_THE TASK_
Please reproduce all entries word for word and omit their pictures.

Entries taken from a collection

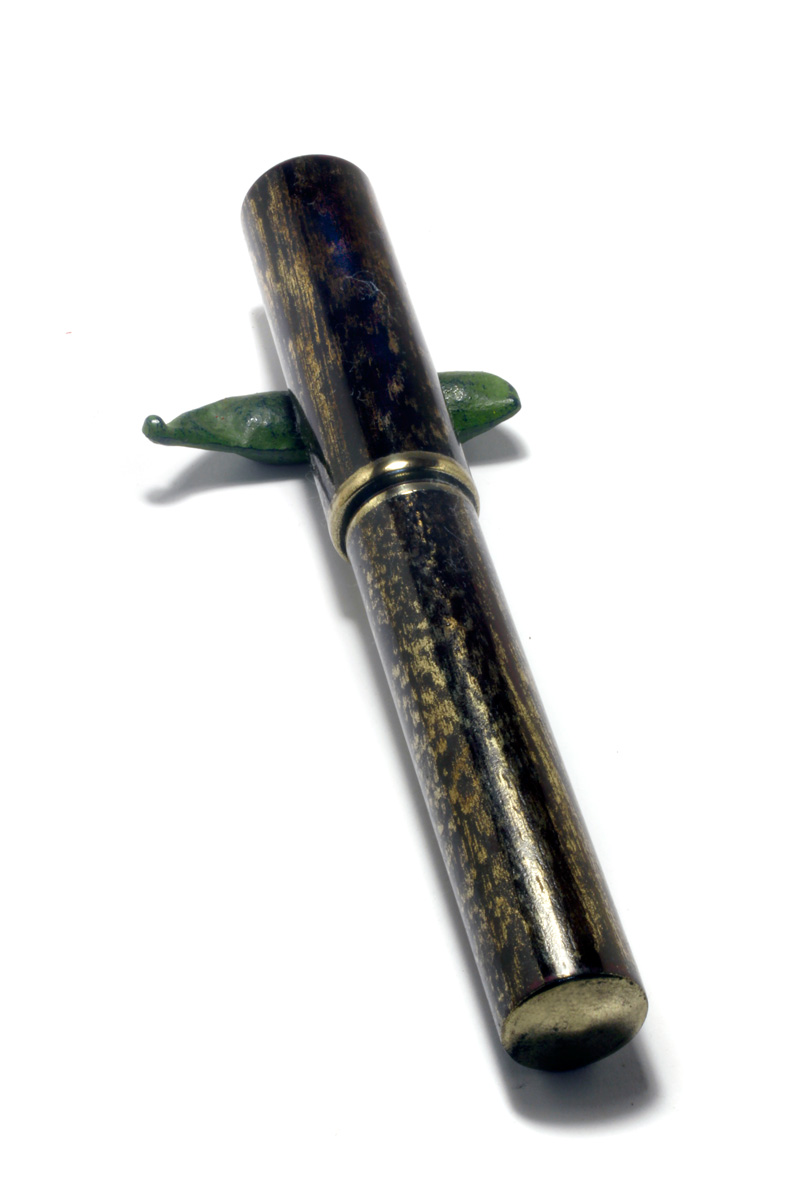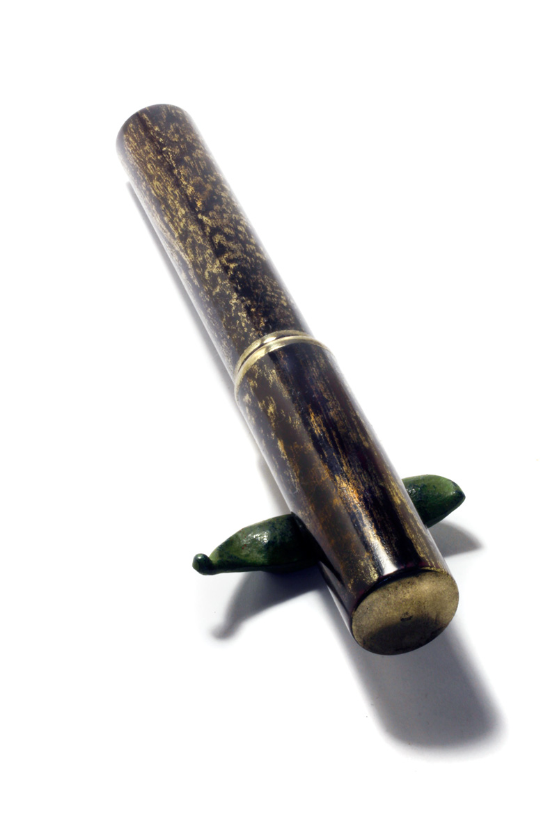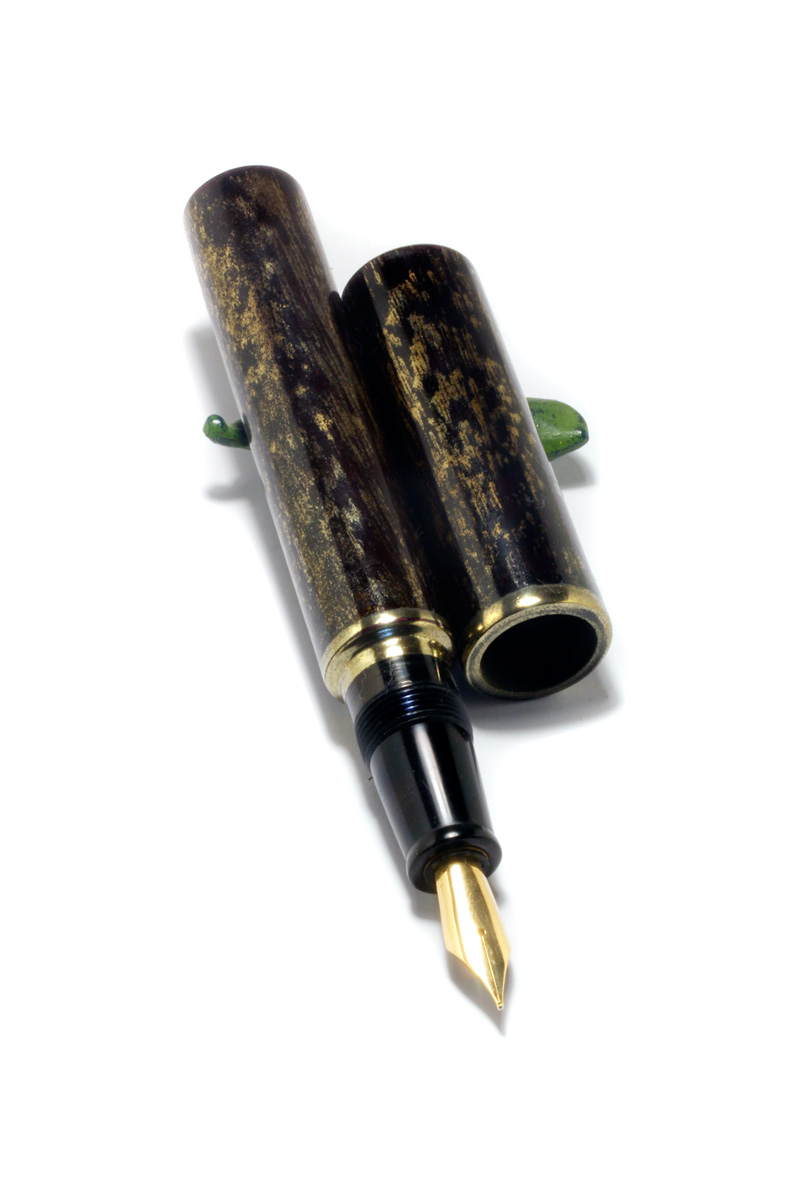 A Fountain pen, made from pink Redwood with "Fuki-Urushi" and a treatment in which the pores/graines of the wood is filled with gold powder, a sort of natural "Chinkin". The fittings all urushi and brass powder.
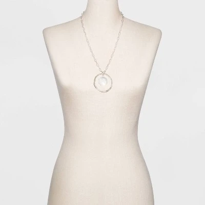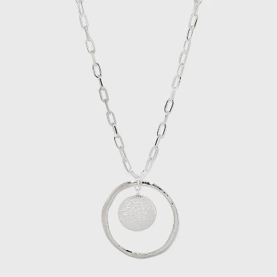 Sparkle any outfit easily with this Hammered Ring and Disc Pendant Necklace from A New Dayโข. This silver-tone necklace features a long-linked chain that falls downward to the top of the bust to create a dramatic look. The chain comes complete with a pendant showcasing a disc held inside a hammered ring for artisanal flair. Whether you’re getting ready for a special event or just accessorizing a fun look to meet up with friends, this matinee-length necklace will complement your outfits in cool style.
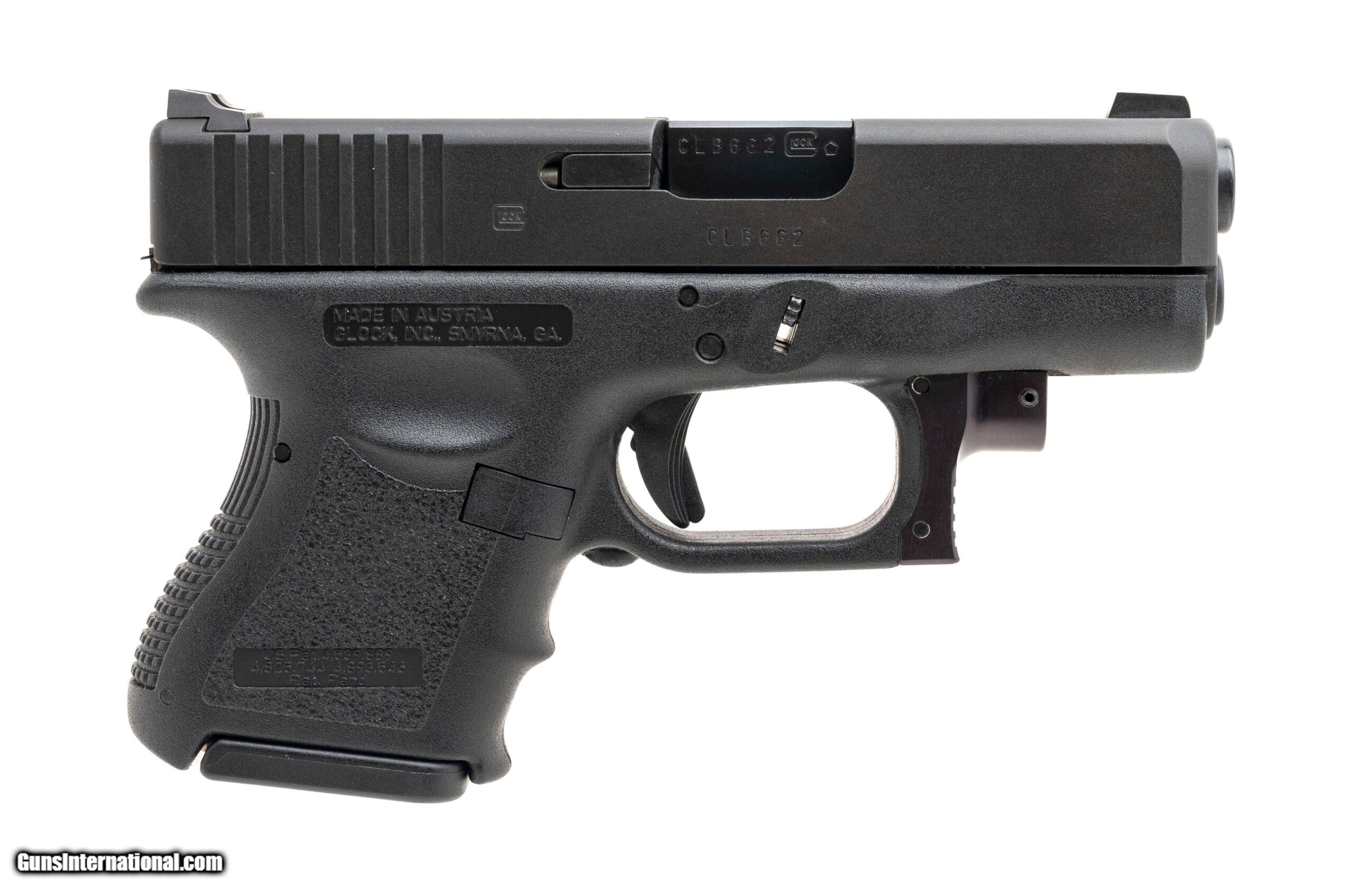 Description: "SN: CLB662. Modern production, 9mm with an 3.43"" barrel. Bore is bright with strong rifling. Sub-compact striker fired pistol with night sights and Crimson Trace laser. nDLC finish is very good. Polymer frame is excellent. Overall condition is very good. SOLD |
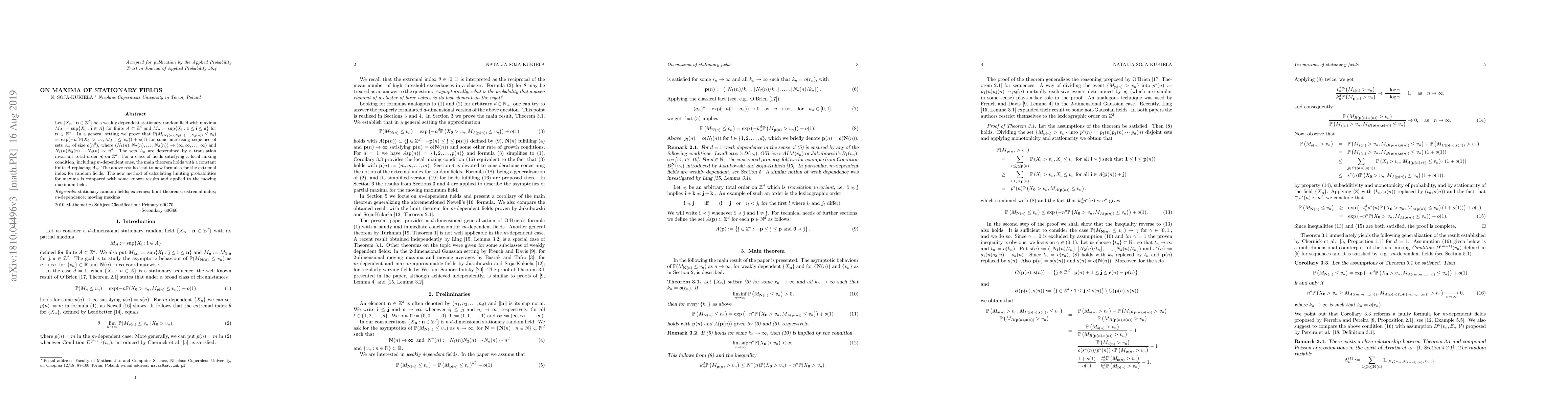 This research paper proves that for certain types of stationary fields with maxima, the probability of the maximum value within a large cube being less than or equal to a given value is related to the probability of exceeding that value at a smaller scale, leading to new formulas for the extremal index.
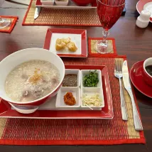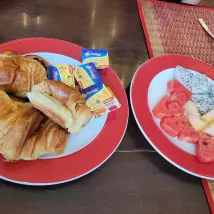 ⑵Завтрак богатый, можно заказать самостоятельно, обычно 4 вида тостов + английский или местный специальный завтрак + сок или кофе или чай + послеобеденные фрукты, вкус очень хороший.
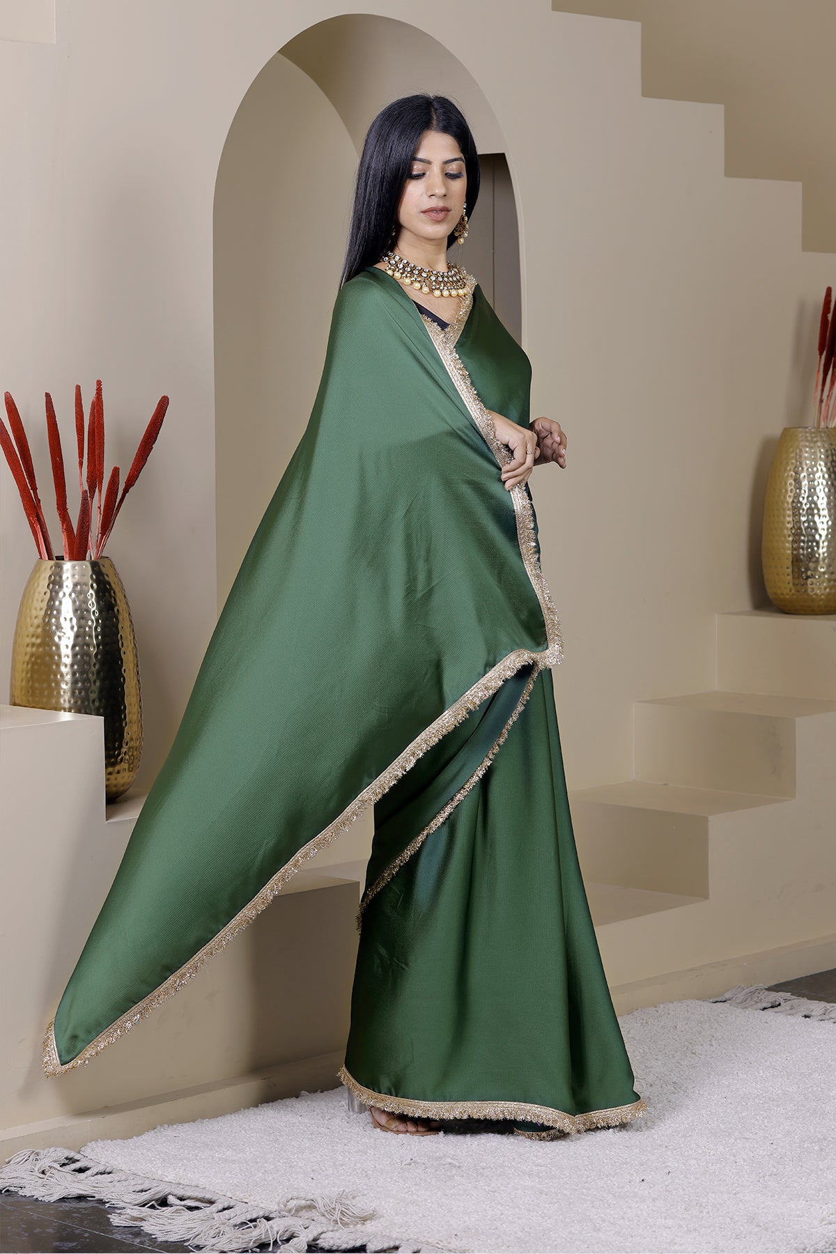 This green colored satin crepe saree with gold gota border exudes luxury, glam, and classy royalty. Elevate your style with this elegant and exclusive piece from the Gulaal Saree Collection.
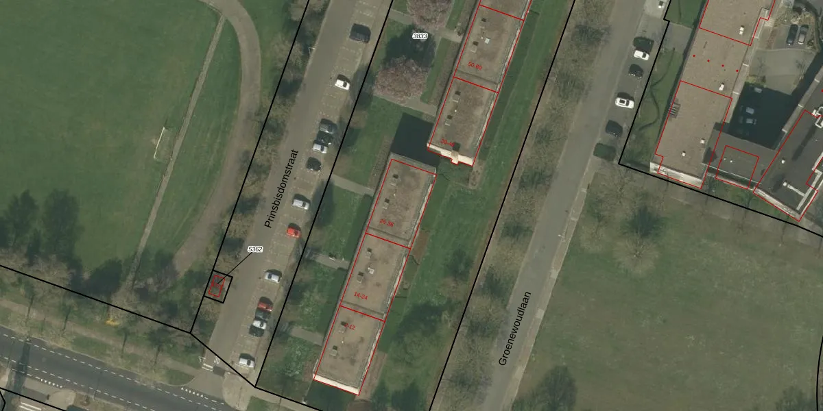Het perceel waarop Prinsbisdomstraat 32 staat heeft een oppervlakte van 8000 m². Dit is een zeer groot perceel. De perceeloppervlakte wordt geregistreerd door het Kadaster. Gedetailleerde informatie over de maten van dit perceel kunt u vinden in het rapport Kadastrale kaart met maatvoering van Prinsbisdomstraat 32.
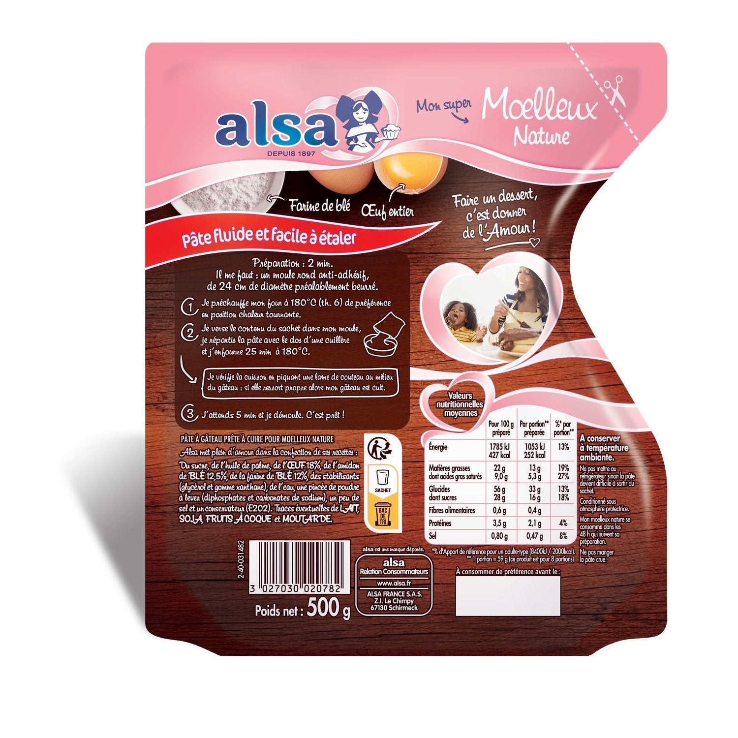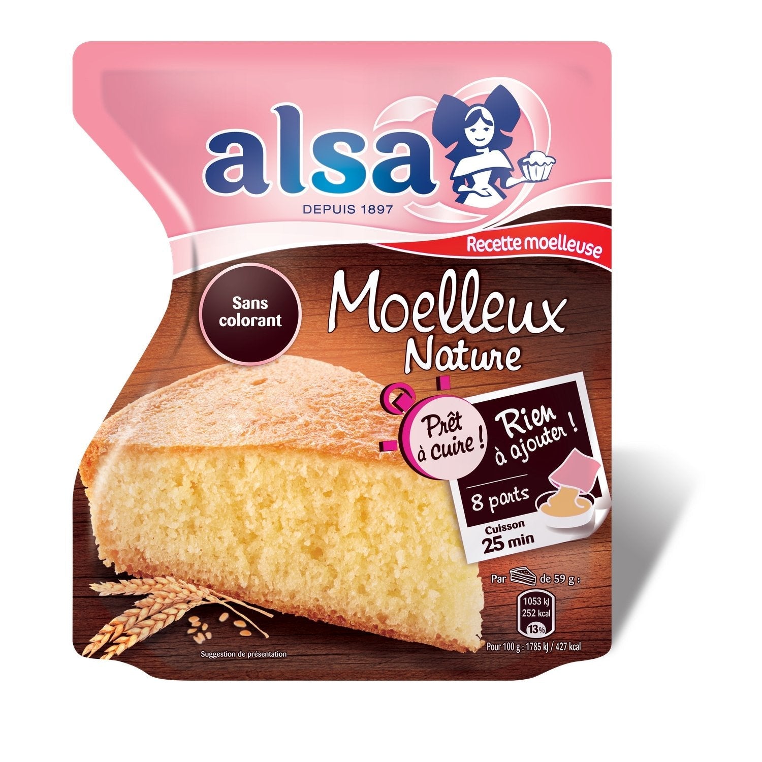 Alsa – Moelleux Nature 500g – Préparation pour gâteau facile et rapide Un délicieux gâteau au moelleux unique. Il n'y a rien à ajouter ! Il vous suffit de verser la pâte toute prête dans un moule, le placer au four avant de régaler tous les gourmands. • Une texture aérienne pour un gâteau incroyablement moelleux ; • Un goût qui plait à toute la famille ; • Un gâteau facile, rapide à préparer et inratable ; • Pour 8 personnes ; • Sans colorant, sans arôme artificiel.

_ANSWER TO THIS PROBLEM_
 A Fountain pen, made from pink Redwood with "Fuki-Urushi" and a treatment in which the pores/graines of the wood is filled with gold powder, a sort of natural "Chinkin". The fittings all urushi and brass powder.
 Sparkle any outfit easily with this Hammered Ring and Disc Pendant Necklace from A New Dayโข. This silver-tone necklace features a long-linked chain that falls downward to the top of the bust to create a dramatic look. The chain comes complete with a pendant showcasing a disc held inside a hammered ring for artisanal flair. Whether you’re getting ready for a special event or just accessorizing a fun look to meet up with friends, this matinee-length necklace will complement your outfits in cool style.
 Description: "SN: CLB662. Modern production, 9mm with an 3.43"" barrel. Bore is bright with strong rifling. Sub-compact striker fired pistol with night sights and Crimson Trace laser. nDLC finish is very good. Polymer frame is excellent. Overall condition is very good. SOLD |
 This research paper proves that for certain types of stationary fields with maxima, the probability of the maximum value within a large cube being less than or equal to a given value is related to the probability of exceeding that value at a smaller scale, leading to new formulas for the extremal index.
 ⑵Завтрак богатый, можно заказать самостоятельно, обычно 4 вида тостов + английский или местный специальный завтрак + сок или кофе или чай + послеобеденные фрукты, вкус очень хороший.
 This green colored satin crepe saree with gold gota border exudes luxury, glam, and classy royalty. Elevate your style with this elegant and exclusive piece from the Gulaal Saree Collection.
Het perceel waarop Prinsbisdomstraat 32 staat heeft een oppervlakte van 8000 m². Dit is een zeer groot perceel. De perceeloppervlakte wordt geregistreerd door het Kadaster. Gedetailleerde informatie over de maten van dit perceel kunt u vinden in het rapport Kadastrale kaart met maatvoering van Prinsbisdomstraat 32.
 Alsa – Moelleux Nature 500g – Préparation pour gâteau facile et rapide Un délicieux gâteau au moelleux unique. Il n'y a rien à ajouter ! Il vous suffit de verser la pâte toute prête dans un moule, le placer au four avant de régaler tous les gourmands. • Une texture aérienne pour un gâteau incroyablement moelleux ; • Un goût qui plait à toute la famille ; • Un gâteau facile, rapide à préparer et inratable ; • Pour 8 personnes ; • Sans colorant, sans arôme artificiel.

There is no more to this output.